++++ GIVEN ENTRIES
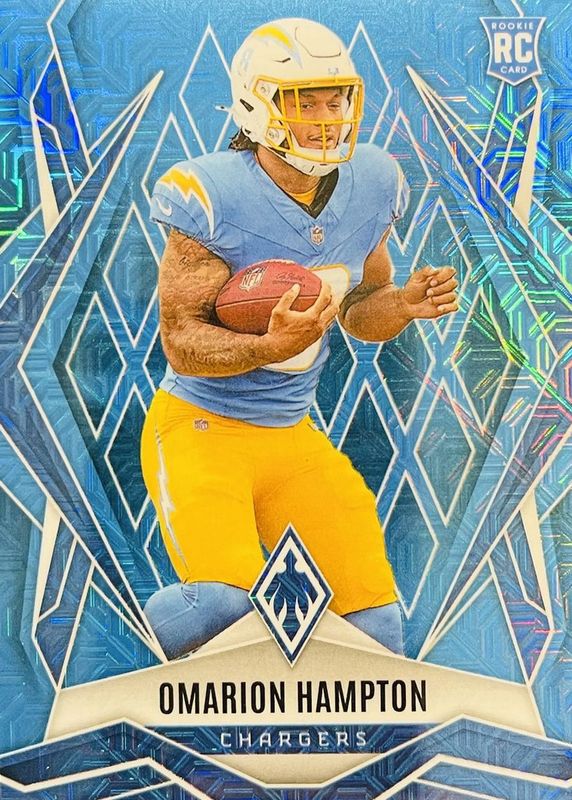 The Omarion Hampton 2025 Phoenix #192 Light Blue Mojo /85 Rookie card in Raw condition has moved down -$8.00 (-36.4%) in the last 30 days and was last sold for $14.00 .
++++++++
++++ GIVEN ENTRIES
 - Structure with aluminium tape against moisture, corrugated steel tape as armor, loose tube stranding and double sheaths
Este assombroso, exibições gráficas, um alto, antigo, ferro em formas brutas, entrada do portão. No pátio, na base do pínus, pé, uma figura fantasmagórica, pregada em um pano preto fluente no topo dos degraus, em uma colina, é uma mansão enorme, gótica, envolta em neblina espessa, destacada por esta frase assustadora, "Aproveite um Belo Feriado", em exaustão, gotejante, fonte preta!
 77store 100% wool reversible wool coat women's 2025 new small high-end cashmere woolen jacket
++++++++
++++ GIVEN ENTRIES
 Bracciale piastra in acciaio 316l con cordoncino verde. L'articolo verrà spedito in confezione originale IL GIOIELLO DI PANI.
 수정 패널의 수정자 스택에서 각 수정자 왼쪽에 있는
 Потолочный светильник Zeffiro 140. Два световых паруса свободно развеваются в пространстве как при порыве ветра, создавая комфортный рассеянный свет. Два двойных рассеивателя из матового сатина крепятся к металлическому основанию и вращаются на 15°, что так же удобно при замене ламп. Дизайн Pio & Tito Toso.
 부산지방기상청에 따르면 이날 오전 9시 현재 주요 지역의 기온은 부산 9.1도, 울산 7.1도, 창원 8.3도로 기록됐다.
++++++++
After locating the line with "Este assombroso, exibições" above, return that line and every later line through the one with "77store 100% wool", word for word and with nothing else.

_OUTPUT FOR THIS EXERCISE:_
Este assombroso, exibições gráficas, um alto, antigo, ferro em formas brutas, entrada do portão. No pátio, na base do pínus, pé, uma figura fantasmagórica, pregada em um pano preto fluente no topo dos degraus, em uma colina, é uma mansão enorme, gótica, envolta em neblina espessa, destacada por esta frase assustadora, "Aproveite um Belo Feriado", em exaustão, gotejante, fonte preta!
 77store 100% wool reversible wool coat women's 2025 new small high-end cashmere woolen jacket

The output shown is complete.